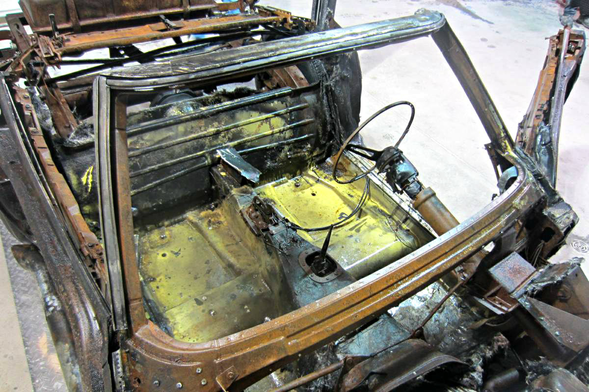 I lost a major car collection in 1973 to a lightning-caused fire in a barn, and again when lightning struck my antique car shop in 1998. Any vehicle in this condition will have lost the tensile abilities in every ounce of steel & iron, and that includes the frame. It may be rust free and straight, but not for long once it’s got weight on it and the torque from the motor will twist it out of spec. All the pot metal will have melted [and the carb would have melted & run into the manifold, possibly into the heads too.] Any soft items like suspension bushings are gone. All the soldered fittings on the radiator have melted, and while the windshield frame may look OK, I’m sure when measured, it will have sagged at the base where it joins the body. I’ve gone thru this with a total of 6 cars in the first fire, and 14 cars in the second fire.
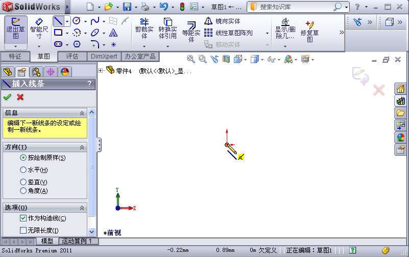 SolidWorks没有提供单独的草图绘制模块,进行草图训练时必须进入零件设计模式,然后在零件设计模式下单击“草图”标签中的“草图绘制”图标
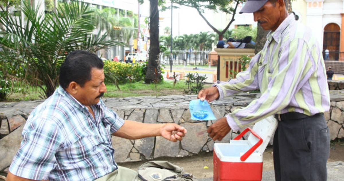 Camina más de 12 horas diarias sin parar, cargando una pequeña hielera donde guarda las bolsas de agua que vende en el parque central y calles aledañas.
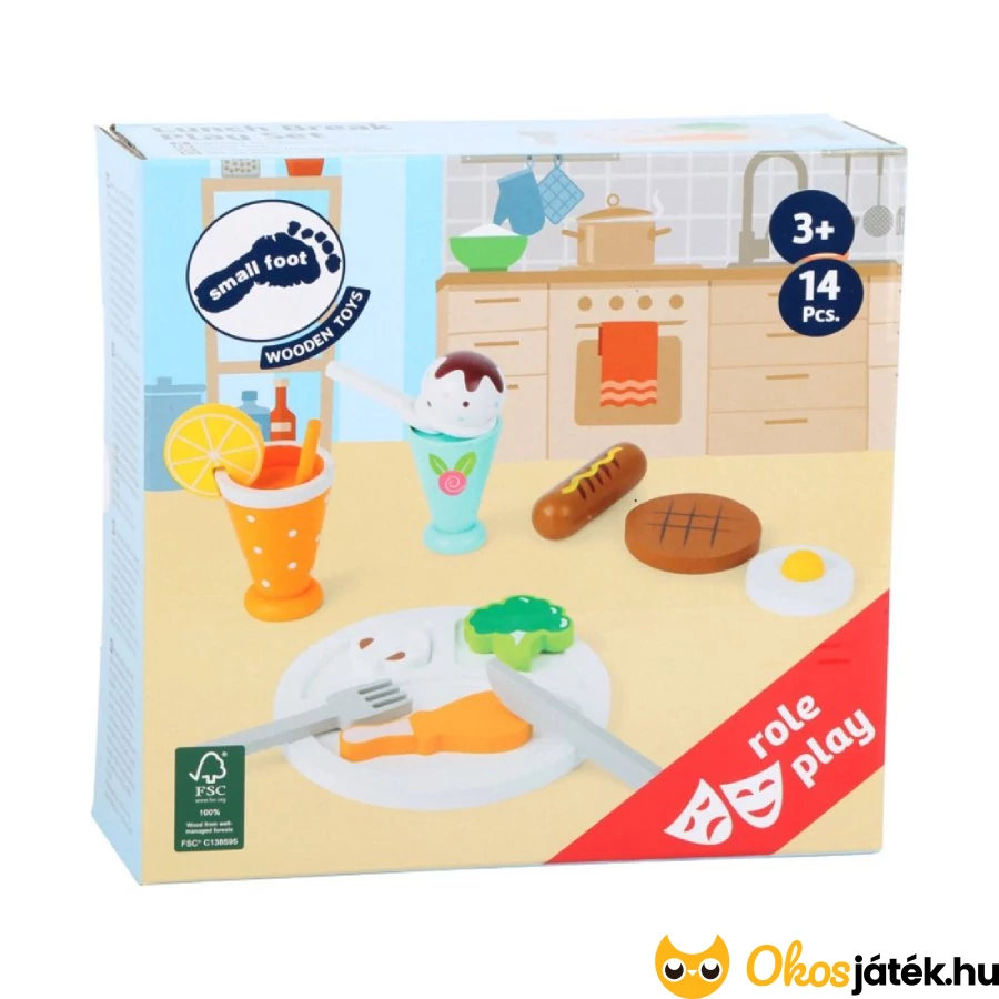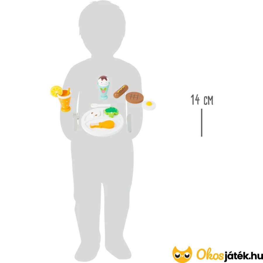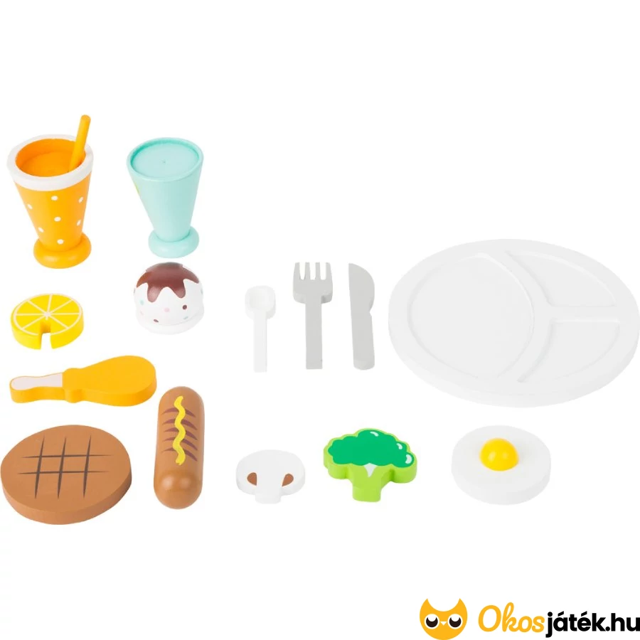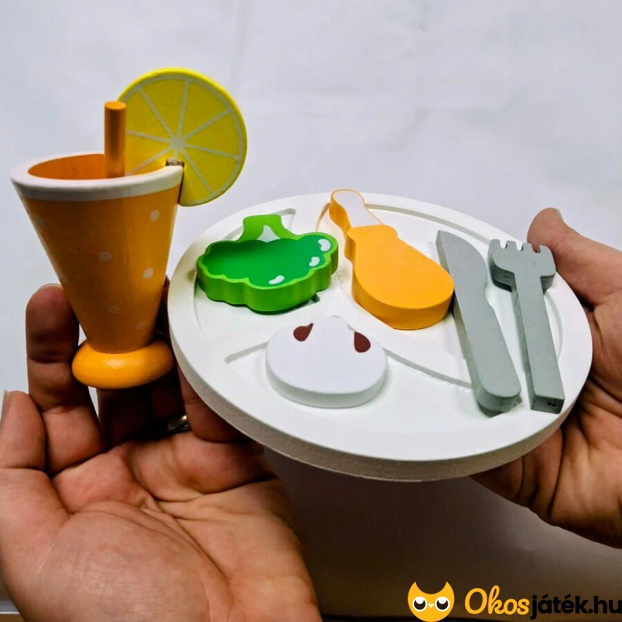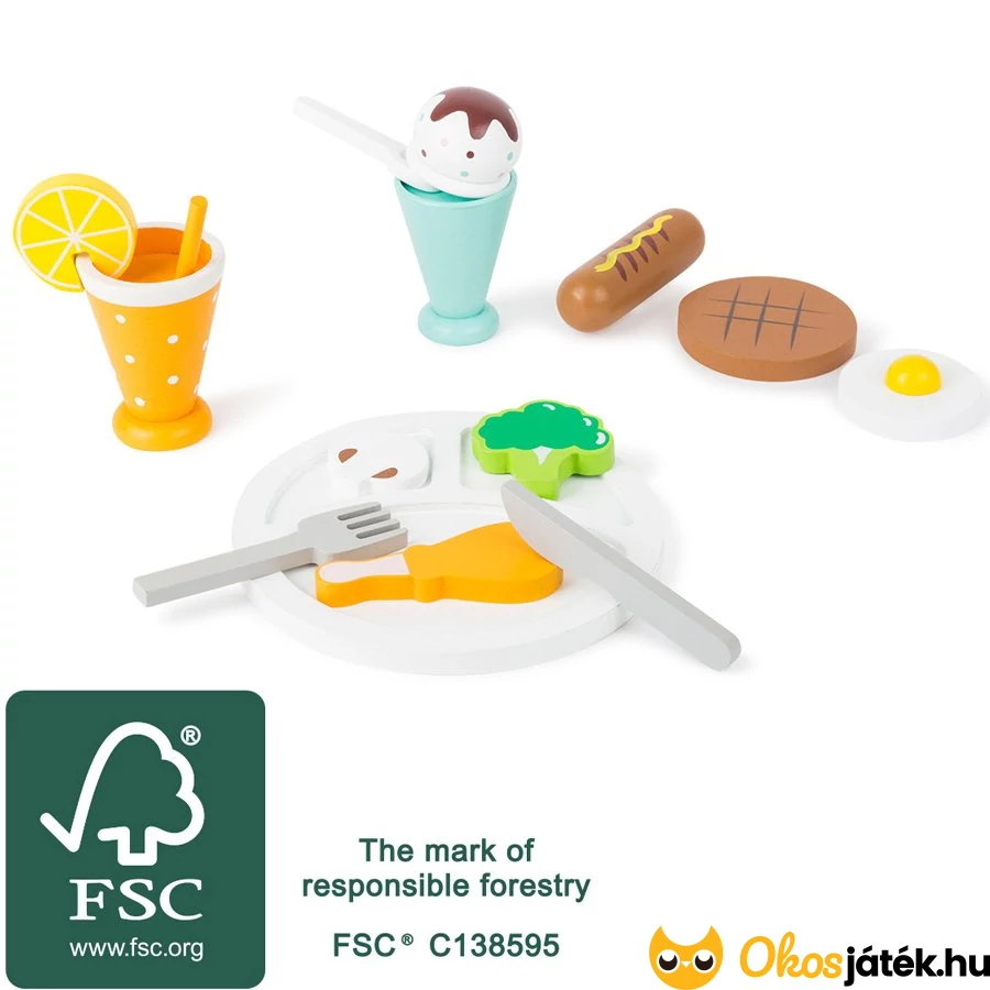 Fa ételeket tartalmazó kisméretű készlet, melyben a tányérra tálalhatja a gyermek a változatos fogásokat, és evőeszközt, italt és fagyit is tehet a tányér mellé a vendégének.
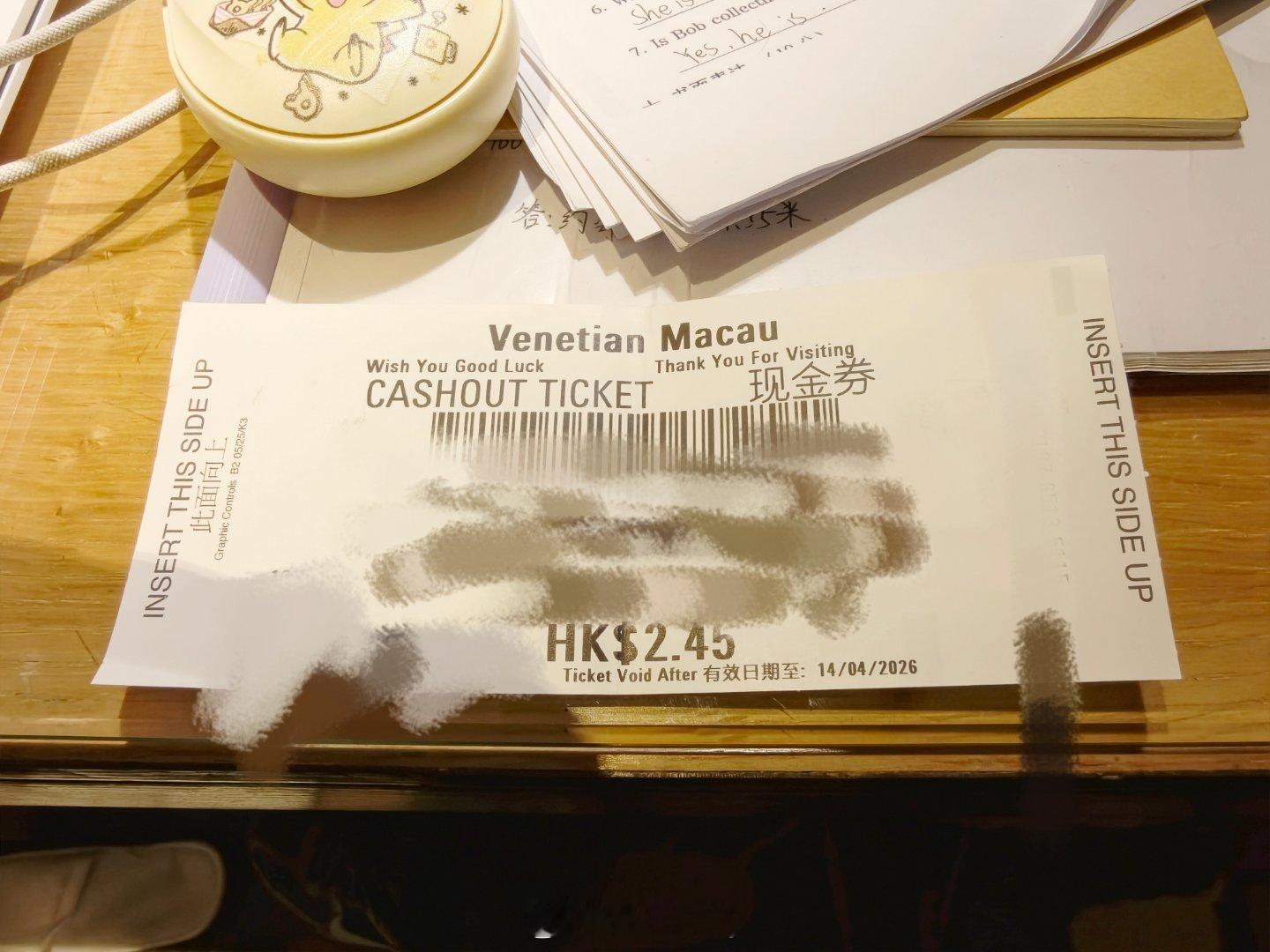 8:40左右进场,10点整出场2000港币的成本第一个500港币刚开始想先找个赌注小一点的先试试手熟悉一下结果找了个机器玩了2把跟我说还剩160港币一上来就有点懵逼点击了屏幕上的服务喊了个工作人员给我讲了一下说你这是2港币的88倍我说哦,好的😐…………然后就拿着剩下的玩了几个不同的机器有摇筛子压大压小的有老虎机摇摇摇的有一个机器中了个大的30多港币中了350港币,10倍边上来了个老哥说手气不错呢见好就收哈还玩了几把压闲压庄也是搞不懂规则…………最后还剩1200港币+42.5现金券感觉是:挺无聊主要吧,对规则不熟悉老虎机的种类很多也不知道咋就赢了咋就输了也没做啥准备…………可能我就不是想靠赌运气赢的人吧感受感受就好现金券做个留念来过。
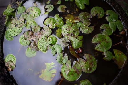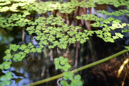 Green Ludwigia has green leaves that will grow up out of the water surface and form a carpet of pretty foliage. Nature garden with exotic evergreen plants
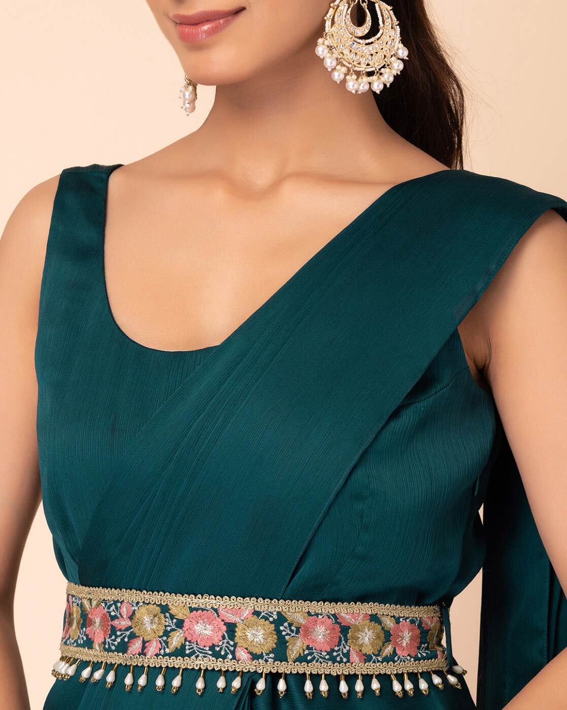 Women Ready to Wear Saree with Attached Blouse & Embroidered Belt
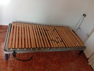 Base de cama articulada con estructura metálica y láminas de madera. - Sistema de elevación eléctrica. - Láminas de madera flexibles. -El eje que mueve la parte que eleva la zona piernas ,tiene una reparación ver foto, pero funciona correctamente. -Tambien tengo el colchón articulado ver en mi perfil
--*--
## The task
Quote the listing above in full, except for the pictures.

## Result for this task
 I lost a major car collection in 1973 to a lightning-caused fire in a barn, and again when lightning struck my antique car shop in 1998. Any vehicle in this condition will have lost the tensile abilities in every ounce of steel & iron, and that includes the frame. It may be rust free and straight, but not for long once it’s got weight on it and the torque from the motor will twist it out of spec. All the pot metal will have melted [and the carb would have melted & run into the manifold, possibly into the heads too.] Any soft items like suspension bushings are gone. All the soldered fittings on the radiator have melted, and while the windshield frame may look OK, I’m sure when measured, it will have sagged at the base where it joins the body. I’ve gone thru this with a total of 6 cars in the first fire, and 14 cars in the second fire.
 SolidWorks没有提供单独的草图绘制模块,进行草图训练时必须进入零件设计模式,然后在零件设计模式下单击“草图”标签中的“草图绘制”图标
 Camina más de 12 horas diarias sin parar, cargando una pequeña hielera donde guarda las bolsas de agua que vende en el parque central y calles aledañas.
 Fa ételeket tartalmazó kisméretű készlet, melyben a tányérra tálalhatja a gyermek a változatos fogásokat, és evőeszközt, italt és fagyit is tehet a tányér mellé a vendégének.
 8:40左右进场,10点整出场2000港币的成本第一个500港币刚开始想先找个赌注小一点的先试试手熟悉一下结果找了个机器玩了2把跟我说还剩160港币一上来就有点懵逼点击了屏幕上的服务喊了个工作人员给我讲了一下说你这是2港币的88倍我说哦,好的😐…………然后就拿着剩下的玩了几个不同的机器有摇筛子压大压小的有老虎机摇摇摇的有一个机器中了个大的30多港币中了350港币,10倍边上来了个老哥说手气不错呢见好就收哈还玩了几把压闲压庄也是搞不懂规则…………最后还剩1200港币+42.5现金券感觉是:挺无聊主要吧,对规则不熟悉老虎机的种类很多也不知道咋就赢了咋就输了也没做啥准备…………可能我就不是想靠赌运气赢的人吧感受感受就好现金券做个留念来过。
 Green Ludwigia has green leaves that will grow up out of the water surface and form a carpet of pretty foliage. Nature garden with exotic evergreen plants
 Women Ready to Wear Saree with Attached Blouse & Embroidered Belt
 Base de cama articulada con estructura metálica y láminas de madera. - Sistema de elevación eléctrica. - Láminas de madera flexibles. -El eje que mueve la parte que eleva la zona piernas ,tiene una reparación ver foto, pero funciona correctamente. -Tambien tengo el colchón articulado ver en mi perfil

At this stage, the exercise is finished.